> _What to do_
Repeat the listing that follows exactly. Pictures are not part of the copy.

> _The data_

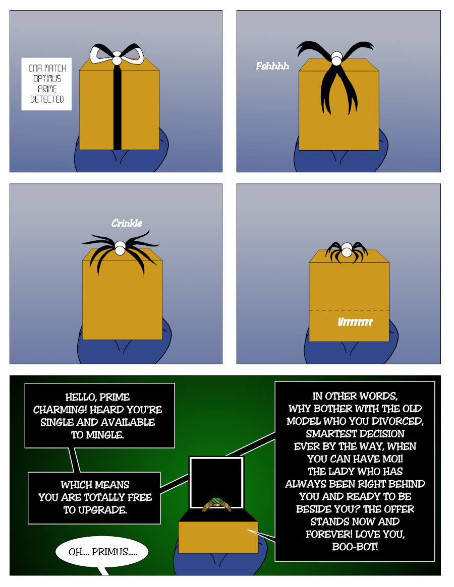 War drove them apart, but peace brought them back together. Four years after Autobots and Decepticons finally made peace, Optimus Prime and Elita-One have decided to remarry and have the wedding they always dreamed of having, but while all drama in their relationship has been addressed, it still seems to attract a lot of drama as well as hilarity.
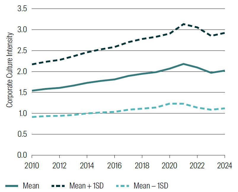Using the dictionaries from Li et al (2021) we use a bag of words approach on the conference call transcripts for all the five corporate values. The more the words are mentioned, the stronger the culture of the firm.
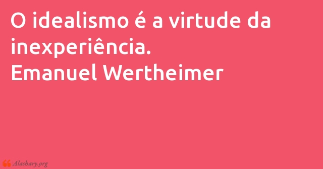 O idealismo é a virtude da inexperiência. Emanuel Wertheimer
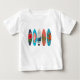 Un design de surf coloré avec différents types d'art de surf. Des illustrations Vintages de poissons tropicaux, plage, fleurs d'hibiscus et palmiers créent un mélange éclectique de planches de surf colorées. Design idéal pour les amateurs de surf, la plage, les cadeaux colorés sur le thème de la plage et la décoration.

> _Result_
 War drove them apart, but peace brought them back together. Four years after Autobots and Decepticons finally made peace, Optimus Prime and Elita-One have decided to remarry and have the wedding they always dreamed of having, but while all drama in their relationship has been addressed, it still seems to attract a lot of drama as well as hilarity.
Using the dictionaries from Li et al (2021) we use a bag of words approach on the conference call transcripts for all the five corporate values. The more the words are mentioned, the stronger the culture of the firm.
 O idealismo é a virtude da inexperiência. Emanuel Wertheimer
 Un design de surf coloré avec différents types d'art de surf. Des illustrations Vintages de poissons tropicaux, plage, fleurs d'hibiscus et palmiers créent un mélange éclectique de planches de surf colorées. Design idéal pour les amateurs de surf, la plage, les cadeaux colorés sur le thème de la plage et la décoration.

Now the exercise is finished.